EDITORIAL - Safest countries
The Philippine government may dispute its ranking as the least safe among 134 countries included in a list drawn up by New York-based Global Finance magazine. There are 195 countries including the Holy See and the Palestinian state, so the ranking doesn’t make the Philippines the least safe in the world.
Rather than quibbling over the ranking, however, a better response is the one given by Gen. Guillermo Eleazar, chief of the Philippine National Police. While Eleazar also disputed the ranking, he said he would take it as a challenge to do better in maintaining peace and order.
Personal safety is one of the metrics in the Global Finance study, which also ranked the Philippines last in a similar report the previous year. Insurgencies, armed extremists, private armies and a brutal war on drugs that has claimed nearly 8,000 lives since 2016, as counted by the PNP itself, have also posed threats to personal safety across the country.
Apart from personal security, Global Finance based the rankings on 2020 statistics on economic stability, threats of war, natural disasters as well as healthcare issues, which include pandemic response.
Ranked as the world’s safest states were Iceland followed by the United Arab Emirates, Qatar, Singapore and then Finland. Just ahead of the Philippines, at the bottom of the list, were Bosnia and Herzegovina, Nigeria, Guatemala and Colombia.
The monthly magazine cited the Philippines as one of the countries with “serious civil conflict” and at risk of natural disasters.
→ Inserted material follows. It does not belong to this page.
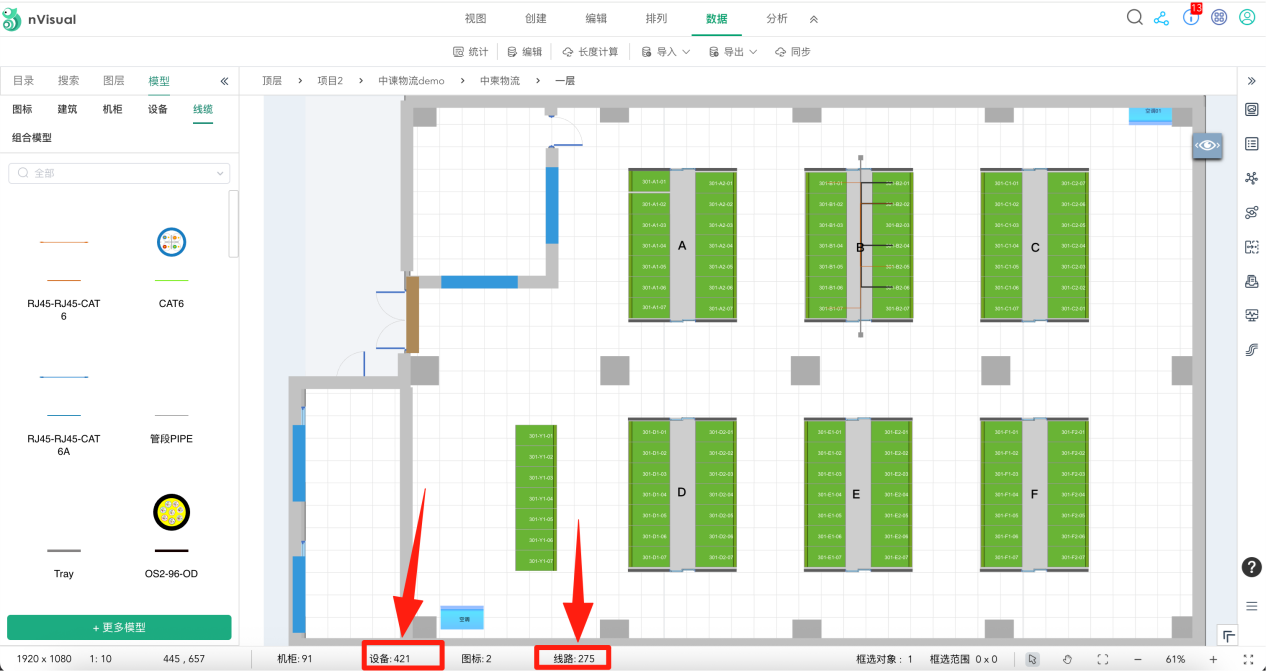 上架完成需验证拓扑内的设备与线缆数量,是否与在机房内操作上架设备与线缆数量一致。可通过页面下方的数量进行快速核对。

It added that while the country has a “relatively low death toll” from COVID, it “performed poorly in terms of safety overall.”
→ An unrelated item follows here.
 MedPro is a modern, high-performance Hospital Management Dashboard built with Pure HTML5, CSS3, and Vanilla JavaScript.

The Philippines can’t dispute the risks posed by natural calamities. Its location makes it a proverbial welcome mat for tropical cyclones from the Pacific Ocean. The country is dotted with volcanoes and lies in the Pacific Ring of Fire, making it prone to powerful earthquakes and volcanic eruptions. But the country can ramp up its disaster preparedness and mitigation measures.
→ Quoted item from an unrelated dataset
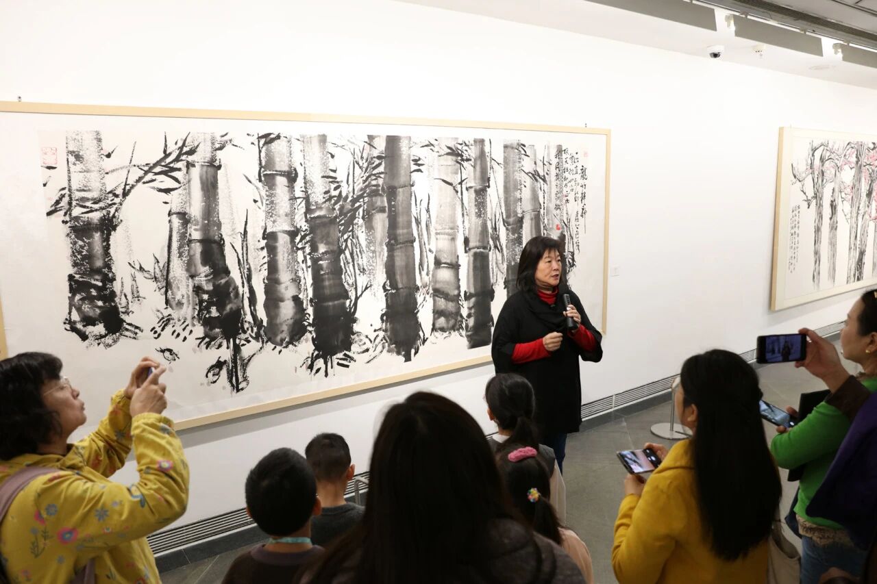 由艺术家家属锺琳女士亲授的“龙竹精神”亲子艺术工作坊充满了温情与文化传承的意味。锺琳引导亲子家庭观赏锺正山笔下的龙竹,并体验其独创的排笔画竹技法。她鼓励参与者“不要画得跟老师一模一样”,这种教学理念在节日活动中悄然传递了艺术创新的真谛——正如锺正山所说,艺术创作贵在“画出自己的风格”。家长与孩子共执画笔的场景,让美术馆成为跨代际审美启蒙的温暖课堂。

More effort can also be made in ending armed conflict arising from insurgencies and extremism. And the magazine is not the first to rate poorly the Philippines’ pandemic response; economic analysts are saying that the country is on its way to becoming Asia’s basket case. As Eleazar said, the ranking, even if deemed unfair by the government, should be seen as a challenge to do better in making the country a safer place.